Something is only infinite if the answer approaches infinity?

I was watching a maths video and the person claimed 1/0 was infinity, but I heard something is only infinite if it approaches infinity, despite the Google dictionary defining infinite as 'limitless or endless in space, extent, or size; impossible to measure or calculate'. No amount of 0s will ever reach 1 (zero is nothing!) So surely 1/0 is undefined, and does anyone know if it does need to approach infinity to classed as infinite?

You can't say anything *is* infinite because infinity is not a number. The best you can do is use the phrase 'tends towards' when talking about limits and so we get that $\dfrac{1}{x} \rightarrow \infty$ as $x \rightarrow 0$

Yes, so you can you say 1/0 tends to infinity, because it never approaches infinity?

This statement doesn't make sense.

For one, you used 1/0 which is an undefined quantity. It doesn't tend to anything.

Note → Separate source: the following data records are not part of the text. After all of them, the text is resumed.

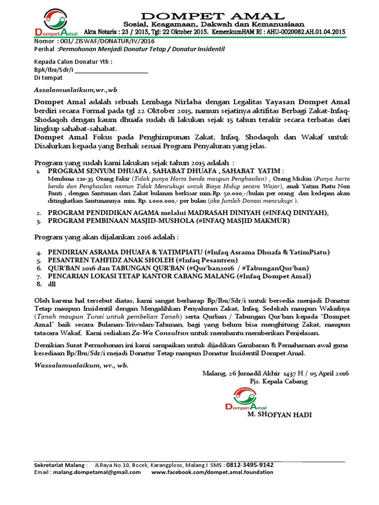 Surat Permohonan Menjadi Donatur Ziswaf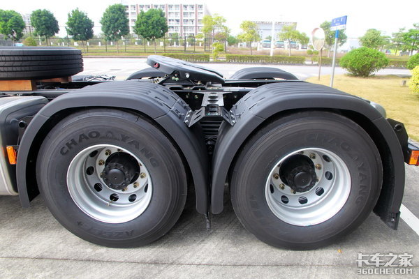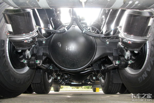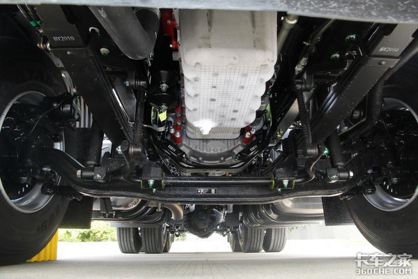 与这款发动机匹配的变速箱可选法士特和采埃孚两款,实拍车型与之匹配的是一台型号为12JSD200TA-B的法士特12挡手动变速箱,注油量16L,头挡速比12.1,最高挡为超速档,速比为0.78。实车搭载速比为3.7的双后桥,最高允许载荷达18000kg。
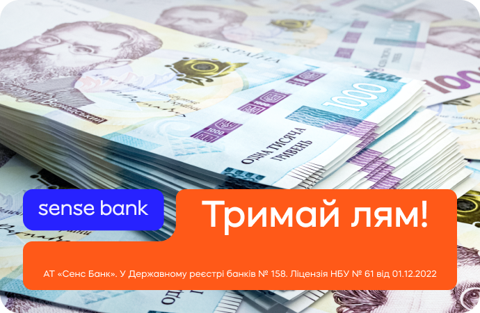 Sense Bank предлагает одну из самых гибких и диджитализированных моделей наличного кредитования на рынке. Наличный кредит в банке можно получить на сумму от 5 000 до 1 000 000 грн, сроком от 6 до 60 месяцев. Несмотря на формальную годовую ставку от 0,01%, фактическая стоимость кредита формируется за счет комиссии за обслуживание кредита и до 31.07 составляет 2,15−2,35% в месяц, реальная годовая процентная ставка зависит от размера и срока кредита, и может составлять от 46,85% — 60,55%.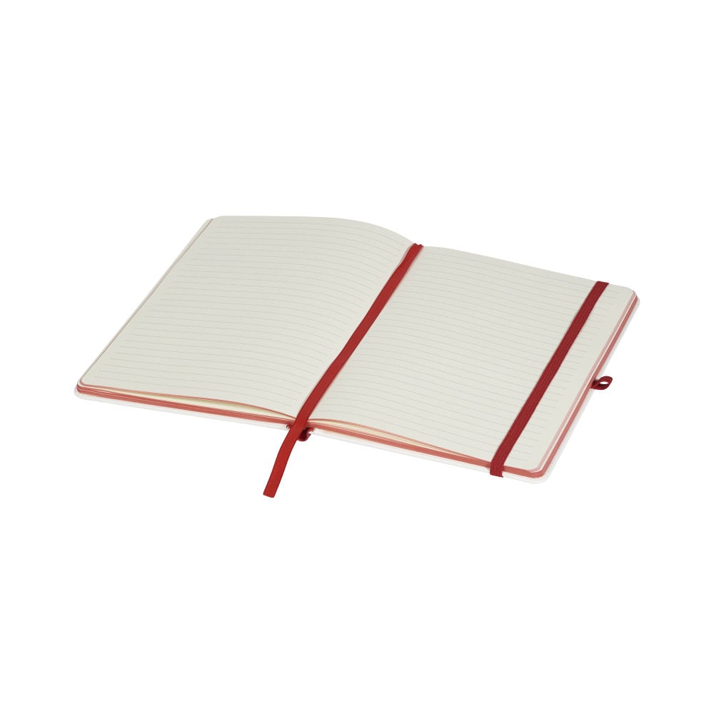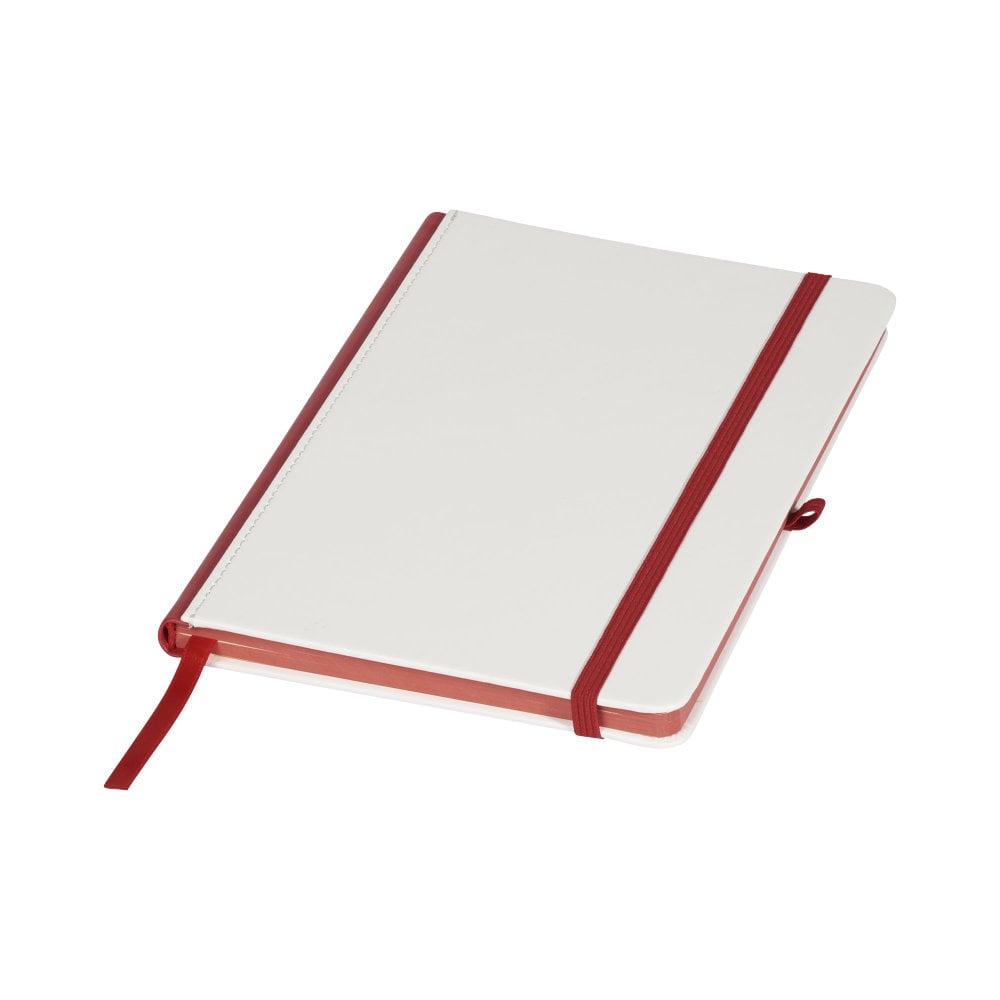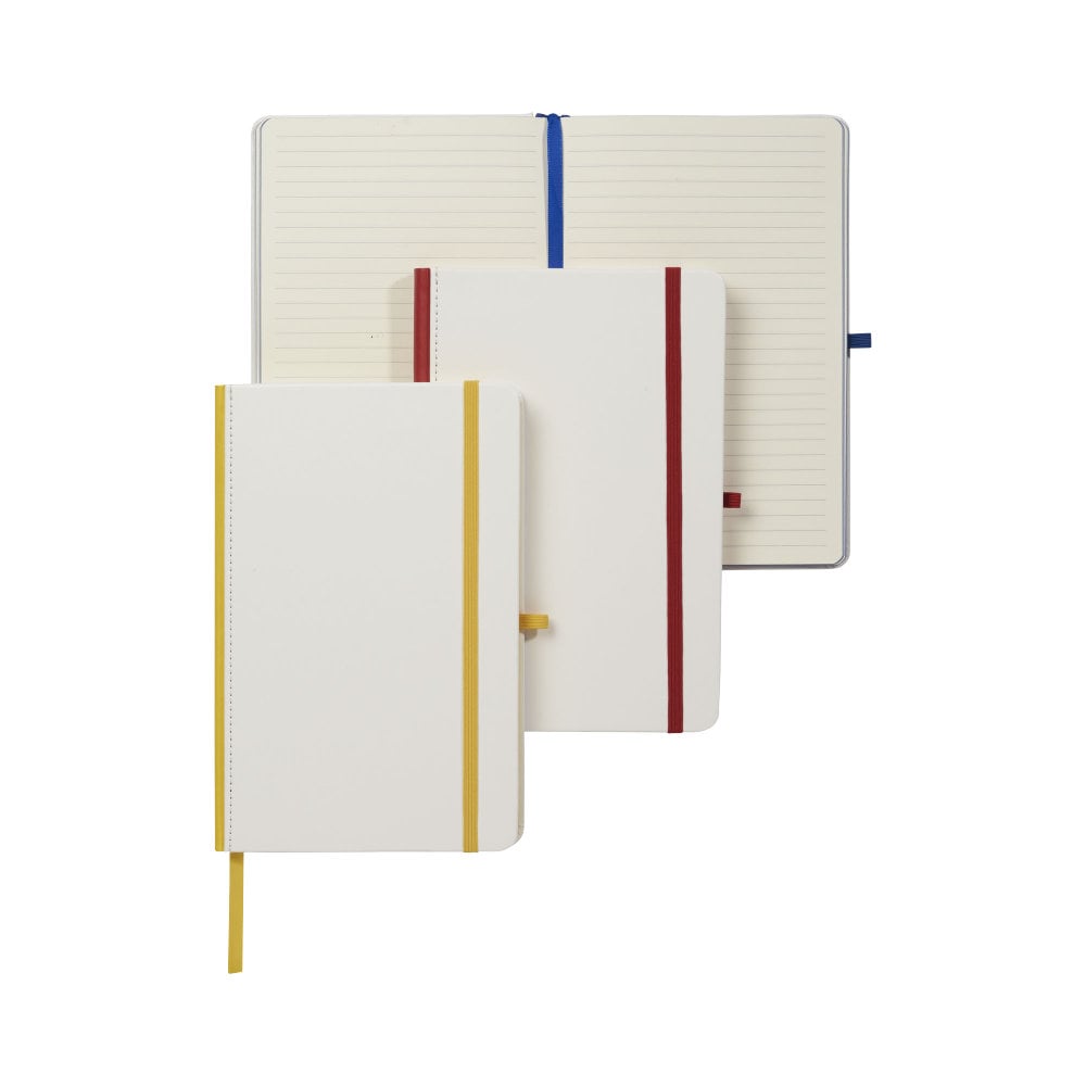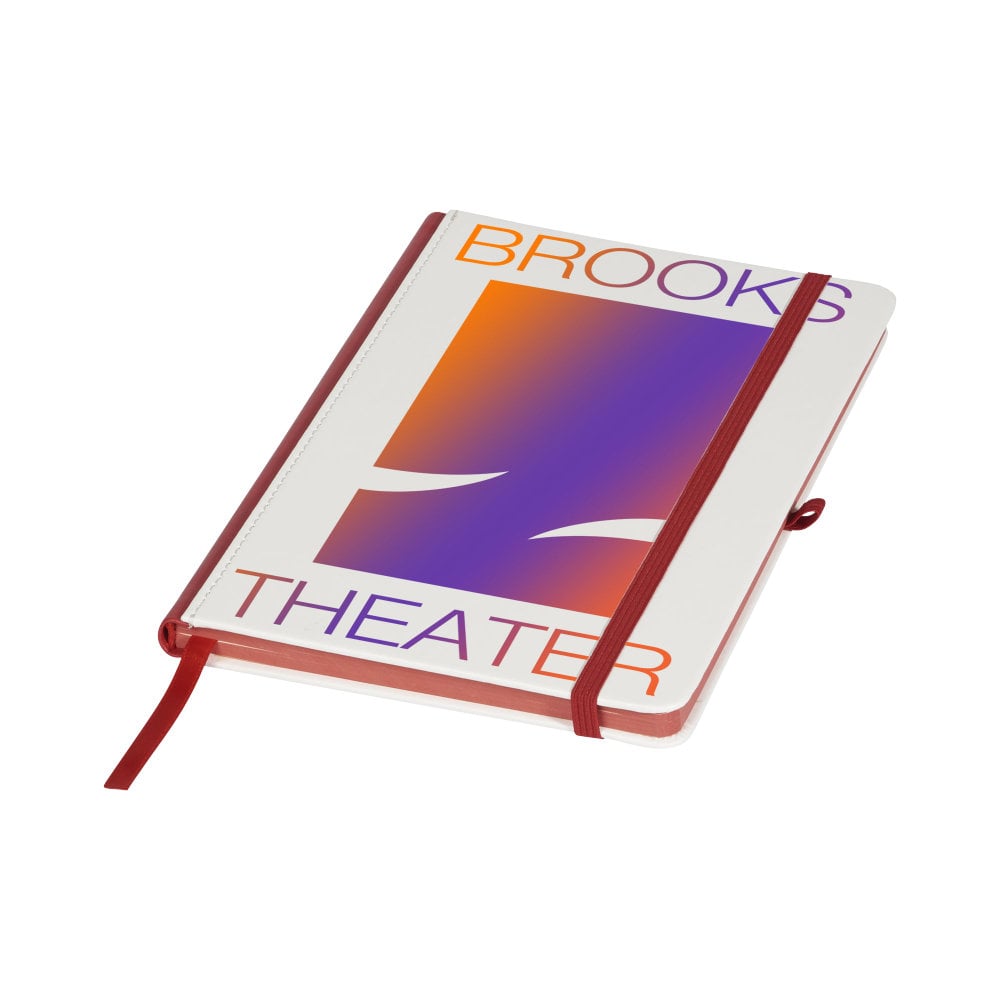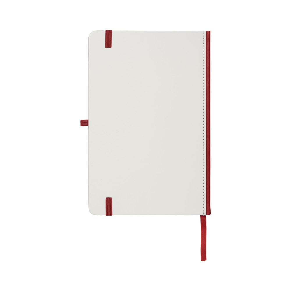 Nasz notatnik A5 to idealny wybór dla osób ceniących sobie elegancję i wygodę. Wykonany jest z twardej okładki, która posiada powłokę PU, dzięki czemu jest odporny na zarysowania. Kolorowy grzbiet i elastyczne zamknięcie pasujące do grzbietu dodają mu niepowtarzalnego charakteru. Zakładka w postaci wstążki i elastyczny uchwyt na długopis ułatwiają korzystanie z notatnika. Papier o gramaturze 80 g i 80 kremowych kartek w linie to idealne podłoże dla wydruków cyfrowych na całą okładkę.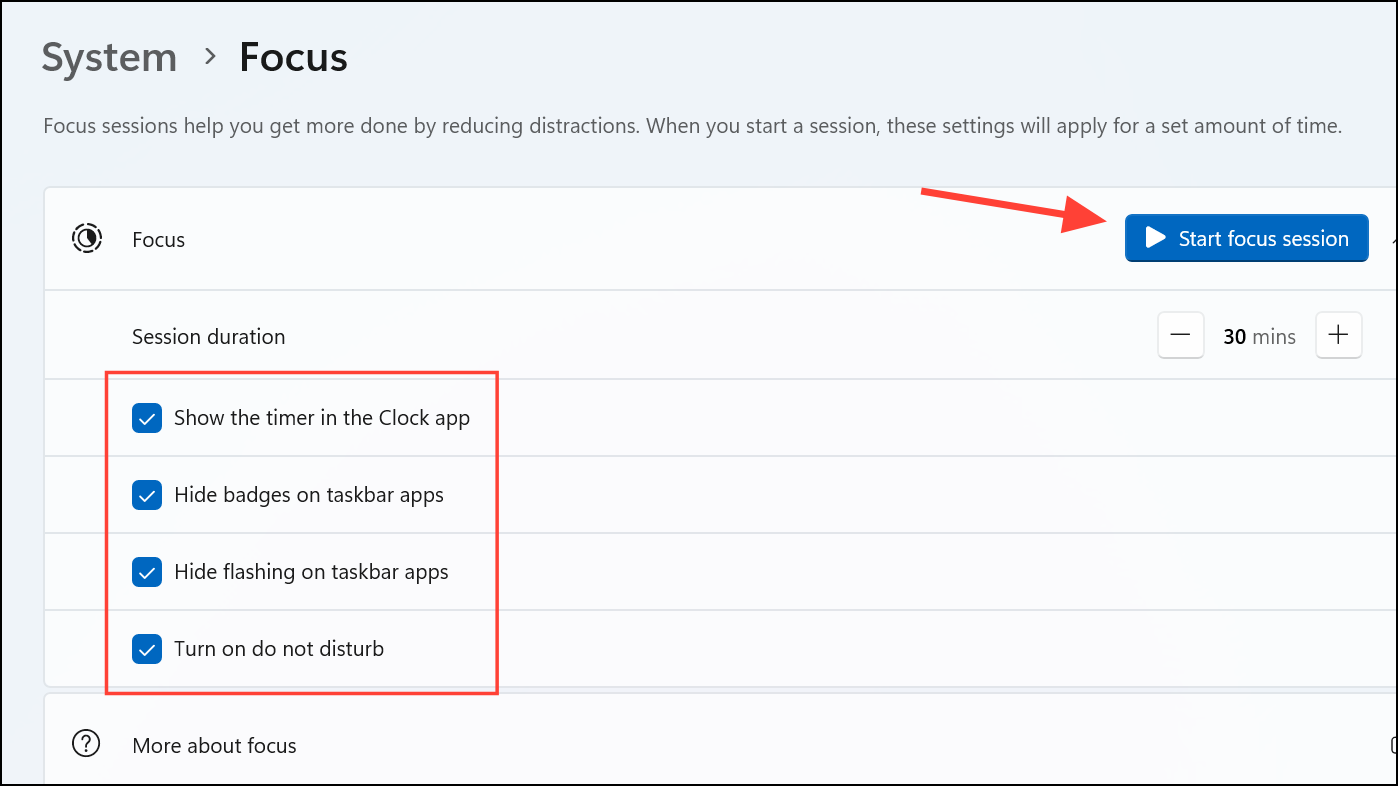 Step 4: You can then set up and customize Focus sessions, which will block notifications and other interruptions, preventing you from getting disturbed. Focus mode also lets you turn on Do Not Disturb mode for specific periods, such as work hours or presentations, which suppresses unnecessary alerts. This feature ensures you remain focused and undisturbed.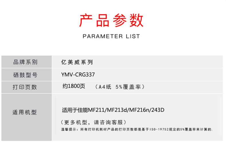 億美威 YMV-CRG337 適用于佳能MF211/MF213D/MF216/243D 全國統(tǒng)一價(jià):178元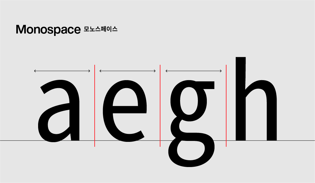 모노스페이스는 모든 글자 소가 같은 동일한 양의 수평 공간을 차지하는 폰트로, 가독성이 목적이 아닌, 컴퓨터나 특정 용도의 목적을 위해 고정된 폭을 유지하도록 설계되었습니다.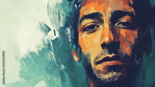 Vibrant artistic portrait of a man with abstract brush strokes and warm colors creating an expressive and contemplative mood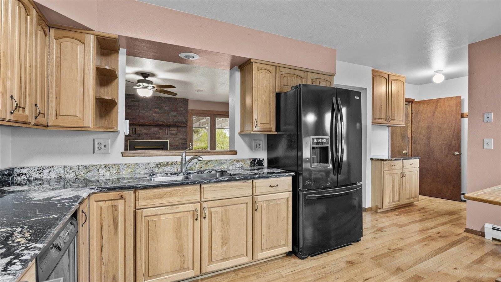 This beautiful home in Loma Rio Subdivision is nestled in a picturesque, park-like setting and is ready for its new owners! The main level features a formal dining room and two living rooms, one of which boasts a wall of windows and French doors that open

Secondly, since you want to talk about 1/x instead as $x \rightarrow 0$, the phrases "tends to" and "approaches" are interchangeable. So your statement is the same as saying "1/x tends to infinity because it never tends to infinity" and clearly you can see how this doesn't make sense.

...

You can't say anything *is* infinite because infinity is not a number. The best you can do is use the phrase 'tends towards' when talking about limits and so we get that $\dfrac{1}{x} \rightarrow \infty$ as $x \rightarrow 0$

$1/x\rightarrow -\infty$ as $x\rightarrow 0^-$.